━━━━━ COLLECTED MATERIAL

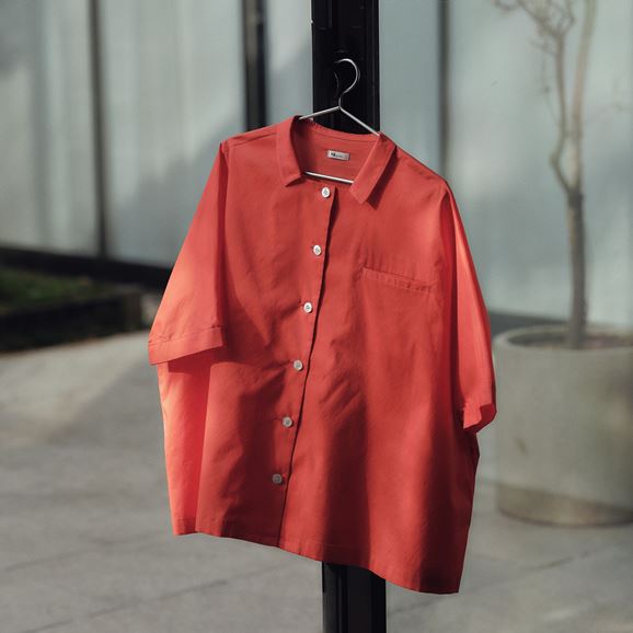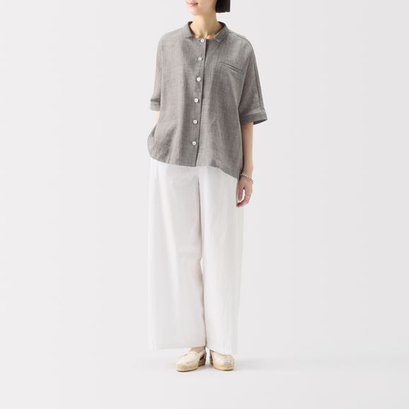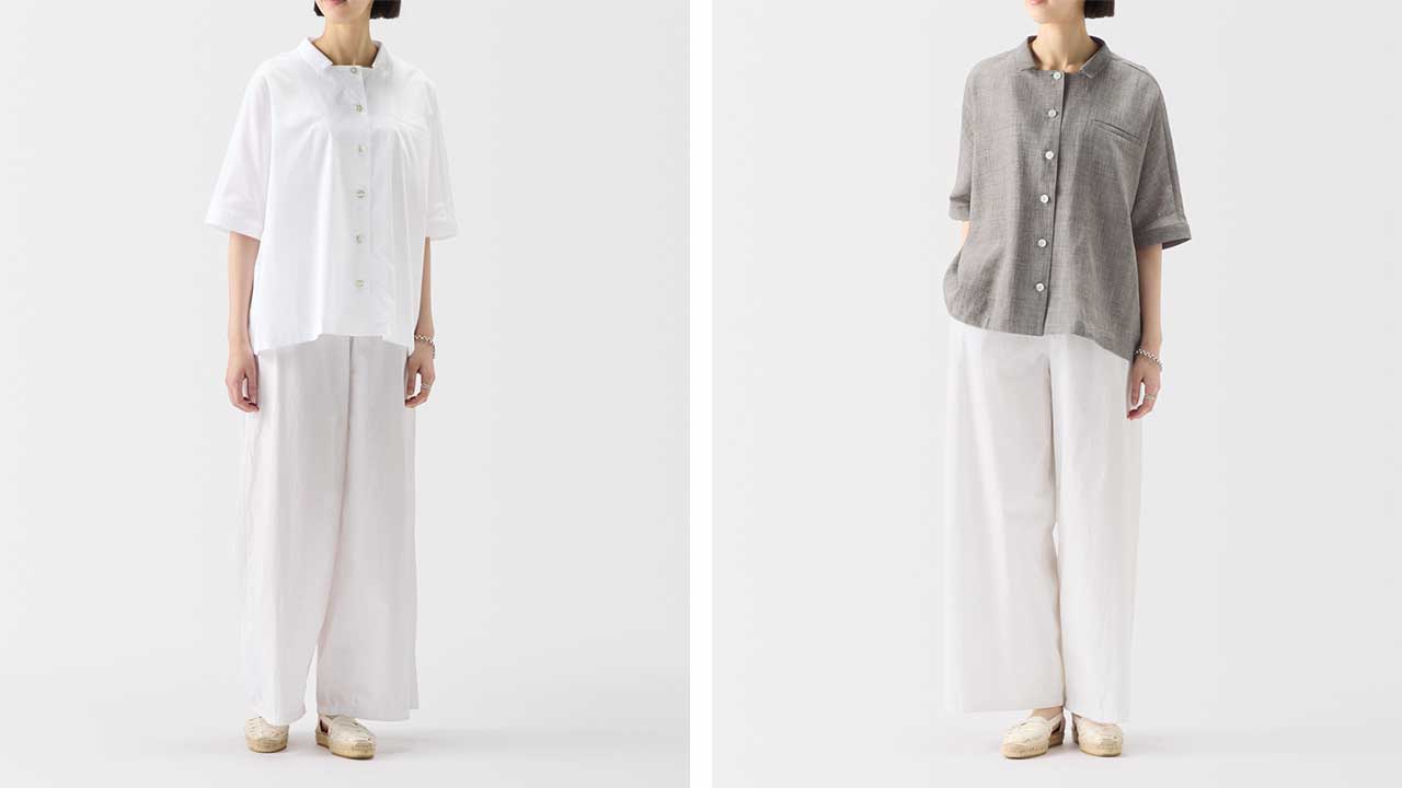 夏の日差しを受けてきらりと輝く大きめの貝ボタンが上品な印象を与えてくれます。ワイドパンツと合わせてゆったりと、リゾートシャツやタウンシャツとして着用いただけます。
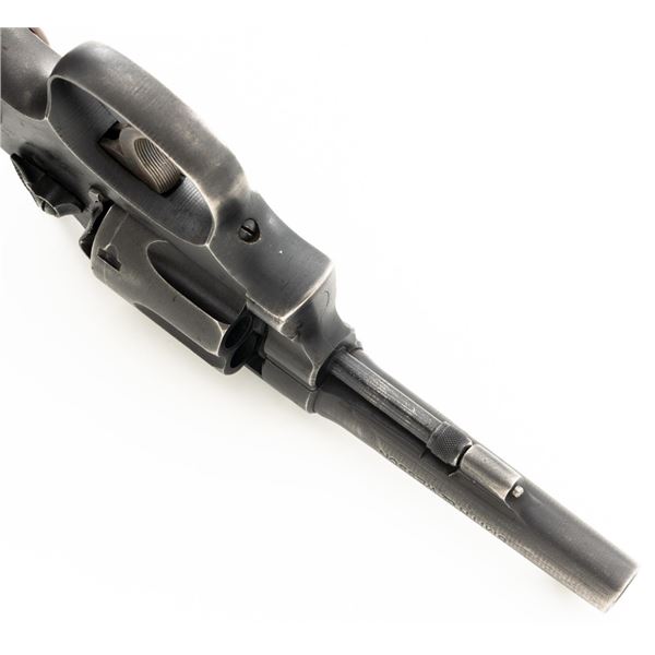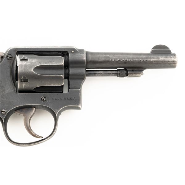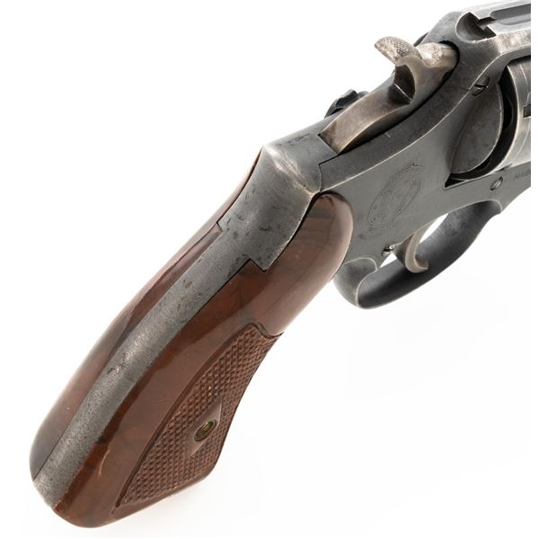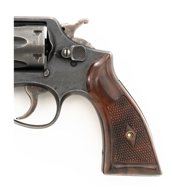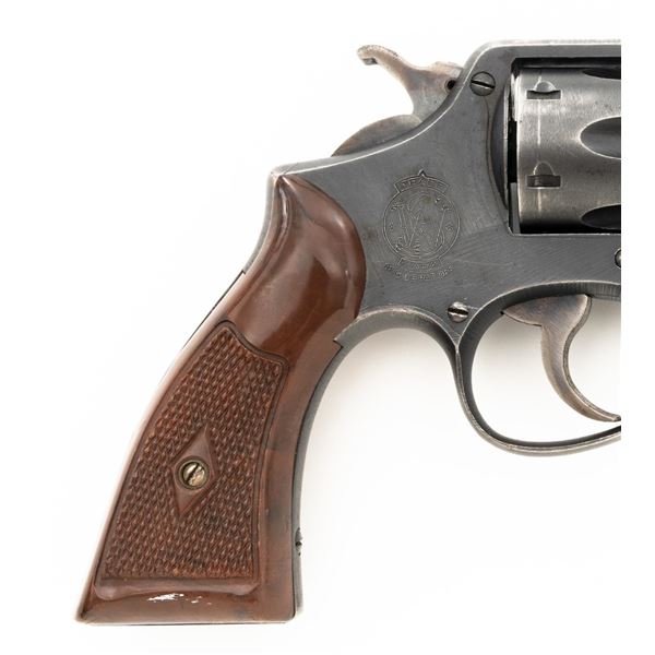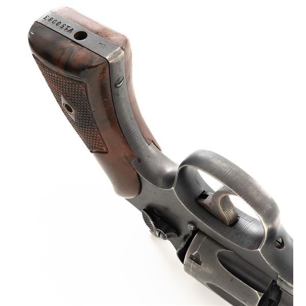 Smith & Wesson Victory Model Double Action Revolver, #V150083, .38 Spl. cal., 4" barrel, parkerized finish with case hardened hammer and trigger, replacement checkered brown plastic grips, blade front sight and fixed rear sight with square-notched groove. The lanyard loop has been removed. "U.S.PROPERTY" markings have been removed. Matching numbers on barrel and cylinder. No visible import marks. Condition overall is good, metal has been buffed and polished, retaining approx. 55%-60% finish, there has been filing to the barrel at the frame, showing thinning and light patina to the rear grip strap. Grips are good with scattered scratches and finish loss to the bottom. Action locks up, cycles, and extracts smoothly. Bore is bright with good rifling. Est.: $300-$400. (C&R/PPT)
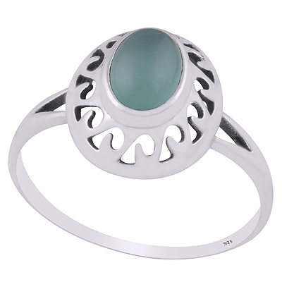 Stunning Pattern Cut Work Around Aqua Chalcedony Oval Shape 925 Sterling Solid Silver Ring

━━━━━━━━━━

_WHAT NEEDS TO BE DONE:_ Once the line with "Smith & Wesson" is found, write out that line and every later line of the listing above exactly, through the last one, and skip any pictures.

_RESULT FOR THIS TASK:_
 Smith & Wesson Victory Model Double Action Revolver, #V150083, .38 Spl. cal., 4" barrel, parkerized finish with case hardened hammer and trigger, replacement checkered brown plastic grips, blade front sight and fixed rear sight with square-notched groove. The lanyard loop has been removed. "U.S.PROPERTY" markings have been removed. Matching numbers on barrel and cylinder. No visible import marks. Condition overall is good, metal has been buffed and polished, retaining approx. 55%-60% finish, there has been filing to the barrel at the frame, showing thinning and light patina to the rear grip strap. Grips are good with scattered scratches and finish loss to the bottom. Action locks up, cycles, and extracts smoothly. Bore is bright with good rifling. Est.: $300-$400. (C&R/PPT)
 Stunning Pattern Cut Work Around Aqua Chalcedony Oval Shape 925 Sterling Solid Silver Ring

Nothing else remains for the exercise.